I emerged from college more broken than I went in. I said that to my housemate last night, in a rare dinner together. I was trying to explain why coaching feels really important to me. Why should it matter if kids at an elite college get better at making small sailboats go around buoys faster than other kids at other elite colleges?
I can't explain that part very well except to tell you that I am certain that it does matter. Sailing matters, just because it's worth doing. That's so innate to me and who I am that it's like asking me how to read, or why be interested in people. I lack the vocabulary to break some things down into smaller parts. The best stab I can make at explaining sailing is that to be good at it, you have to notice invisible things. You have to get really good at tuning in to subtleties, to things that haven't happened yet: a wave that is rising and about to change, a windshift that's ahead, a puff that will change all of the forces on your boat. I really do believe that getting good at noticing makes you happier, and makes you a better person. It lets you live in the moment. It lets you use all of your senses, and many of your muscles. It lets you lose your rational mind and experience flow and response, the bodily sensation of being connected and tuned in to the world around you, water and wind and sky. I think that's fundamentally worthwhile, as an experience and as a habit.

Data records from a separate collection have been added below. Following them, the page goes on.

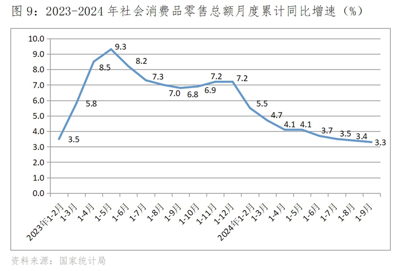 (三)零售增速總體呈現(xiàn)低速波動(dòng)回落,9月份回升。1-2月份社會(huì)消費(fèi)品零售總額同比增長(zhǎng)5.5%,為今年以來(lái)的最快增速,3月份回落到增長(zhǎng)3.1%,此后增速在2.0-4.0%區(qū)間內(nèi)低速波動(dòng),9月份增速回升,增長(zhǎng)3.2%。
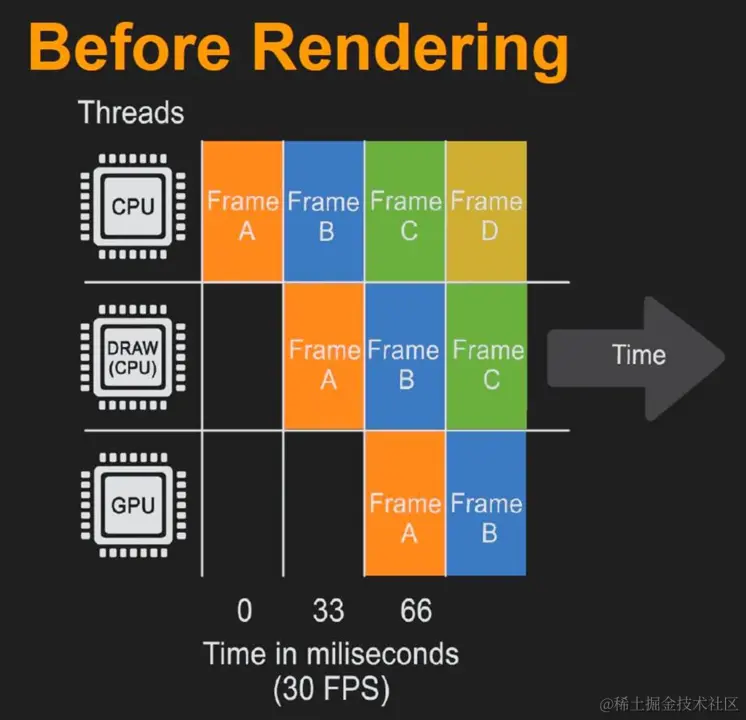 为了将第一张画面(FrameA)呈现在我们面前,首先就是Cpu在0毫秒的时候处理FrameA,然后紧接着在第33毫秒Draw线程再对经过Cpu线程处理后的FrameA进行再处理(遮挡剔除,后面会讲),这时候Cpu线程在33毫秒处开始处理FrameB。之后在第66毫秒Gpu线程开始实际渲染FrameA。与此同时,Draw线程已经开始处理FrameB了,同时Cpu线程则已经开始处理FrameC。依此类推。。。
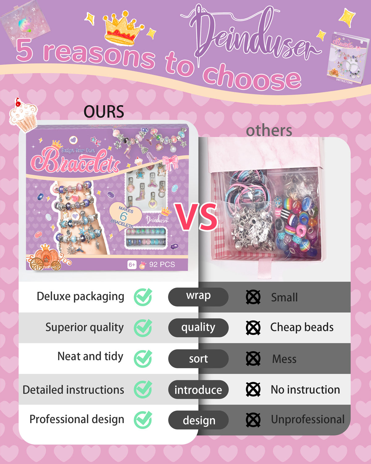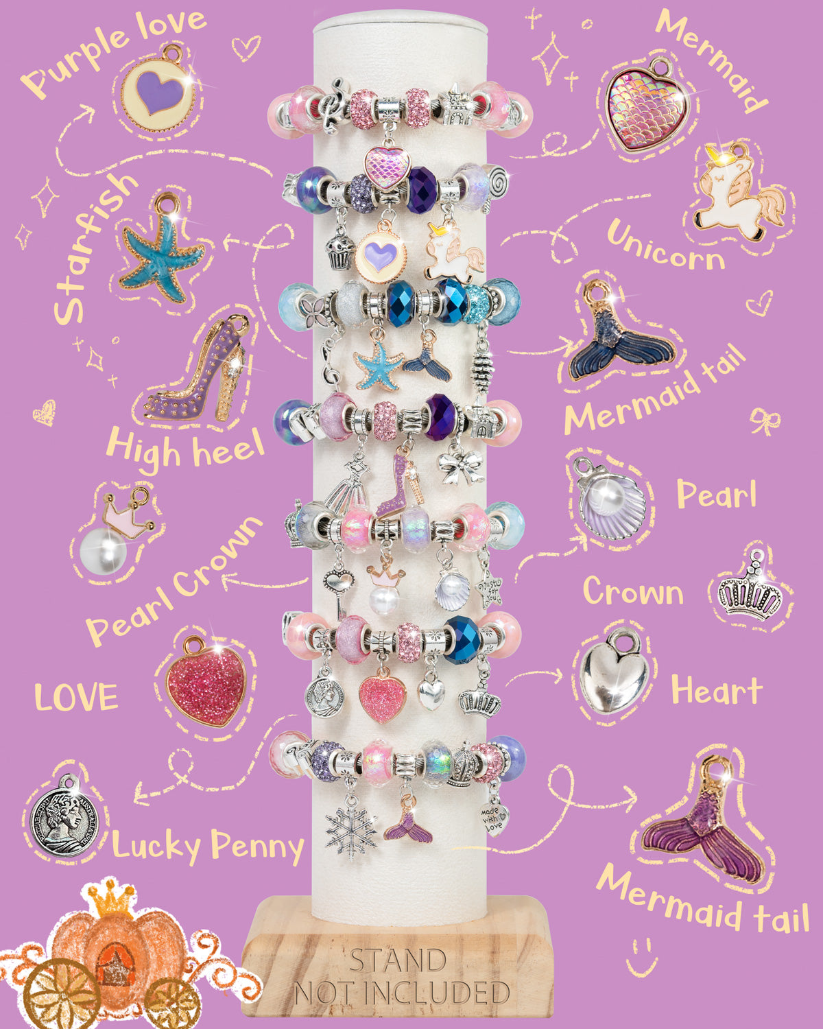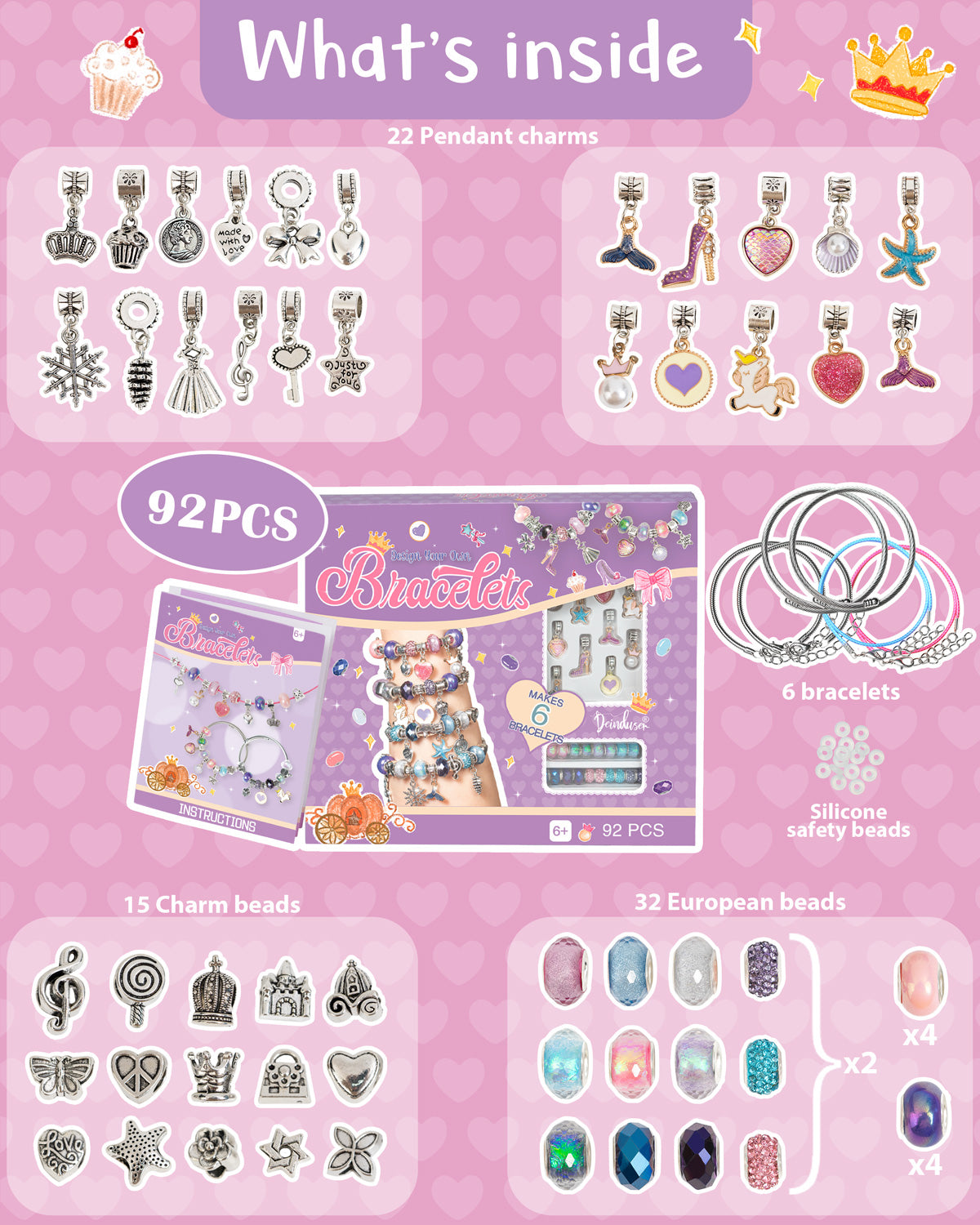 Deinduser Charm Bracelet Making Kit, Jewelry Making Supplies, Charms for Jewelry Making, Craft Kit for Your Princess, Gift for Your Princess

And I know what a watershed time college is. I am not sure I have the answer to my question, but I think what college was about for me was understanding hard work. I saw and learned what it meant to work hard, at school (I didn't do much of that, but I witnessed it, pretty close up), in a sport, and in relationships with people who were different from me. I didn't always work hard but I learned the difference between working hard and not working hard, and I generally saw a payoff when I worked hard. But I limped out of college. I came out convinced I wasn't very smart, and wasn't particularly anything else, either. Anything I might have once thought I was good at, or distinctive for, I'd met people who were way more accomplished at than me. I didn't know how to feel okay about myself if I wasn't the best at anything. I scuttled off to the middle of nowhere to spend a lot of time outside and lick my wounds.
I love college students. I like watching them. They're smart, and they're open-minded, and the world is still new. They're very funny; I'm always laughing. They don't have the masks that adults have, so you can see emotions play out on their faces. And I want, fiercely, to help them feel more sure of themselves than I felt about myself when I was in college. I am not sure I can do that; I'm not sure anyone could have done that for me. But maybe I can. And that, more than anything else, is why being a coach matters to me.